P. E os códigos no futebol?

R. Não pedir cartão amarelo para que expulsem um adversário. Todos esses detalhes que, em nome da esperteza criolla, acontecem o tempo todo e não fazem bem ao futebol. Eles se jogam, enganam, e sou contra tudo isso. Na Europa, os jogadores fazem muito menos que aqui, mas também fazem. Já estão copiando isso do sul-americano. E, claro, ter códigos é nunca contar o que acontece no vestiário.

Ter códigos é uma norma moral que vale mais que qualquer lei

P. O jogador tem uma vida útil. O técnico também?

R. Eu cansei. Não dos treinos, nem de levantar cedo, nem de estar no vestiário. Isso é o mais lindo do futebol. Mas já não aguentava mais a logística, as viagens. O futebol é cada vez mais complexo. Joga-se a cada três dias, viaja-se de um lado para o outro. E o técnico tem que ser jovem para conseguir aguentar o ritmo necessário para estar à frente de uma equipe profissional.

P. Como deve ser a aproximação com um jogador hoje em dia?

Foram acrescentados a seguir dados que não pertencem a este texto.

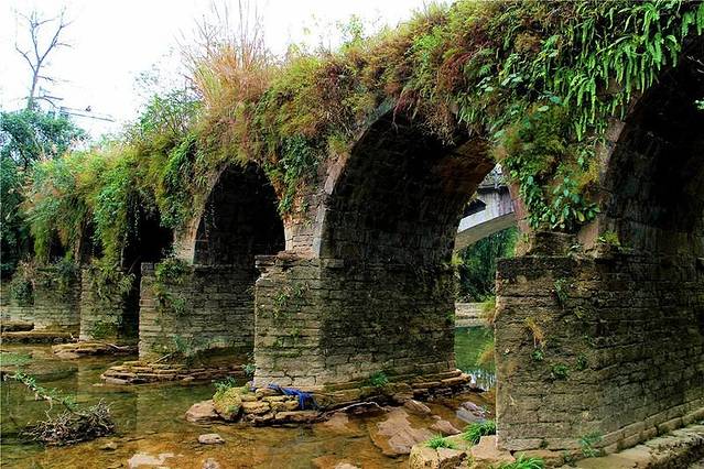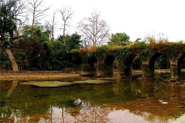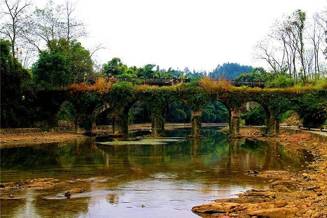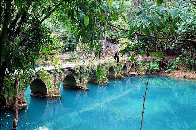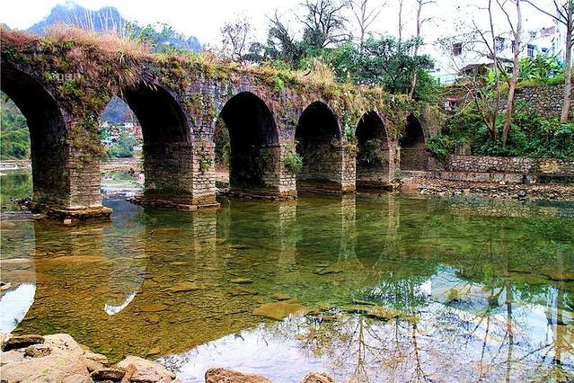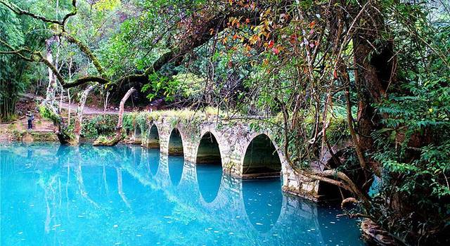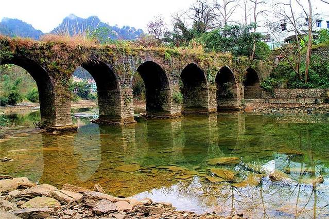 ① 小七孔桥:位于景区之首,景区之名由桥而得。这是一座小巧玲珑的七孔古石桥,桥长25米,桥面宽4米,拱高4米,建于清道光15(1836)年,昔为沟通荔波至广西的重要桥梁。此桥看似单簿,但几百年来它经过多次洪水冲击却泰然屹立,迄今完好无损,可见其建筑工艺的精妙。

R. A sociedade mudou muito, mudaram esses códigos dos quais lhe falei, e hoje a única coisa que importa é o resultado. Eu perdi muito, e também ganhei muito. E não fui um fracassado quando perdi, nem um bem-sucedido quando ganhei. Mas se um treinador sabe como chegar num vestiário, como conquistar os seus jogadores, isso é algo que não se perde nunca.

“Quero que Simeone continue no Atlético, é um campeão”

Sempre que pode, Simeone elogia Basile. O Cholo recorda com carinho seus tempos sob a condução do Coco na seleção e diz que Basile era um mestre em motivar seus atletas.

P. Simeone aprendeu muito com você?

R. Simeone sabe como convencer os seus jogadores. E acredito que, apesar de ter perdido a final da Champions, é um campeão. Por isso quero que continue no Atlético. Mandei uma mensagem para ele depois da partida para apoiá-lo totalmente. Pois porque Juanfran errou um pênalti, numa partida que [o Atlético] mereceu ganhar, vamos falar de fracasso... O Real Madrid jogou muito atrás depois do gol. Os 11 atrás da linha da bola, até Cristiano defendeu, uma coisa que eu nunca tinha visto.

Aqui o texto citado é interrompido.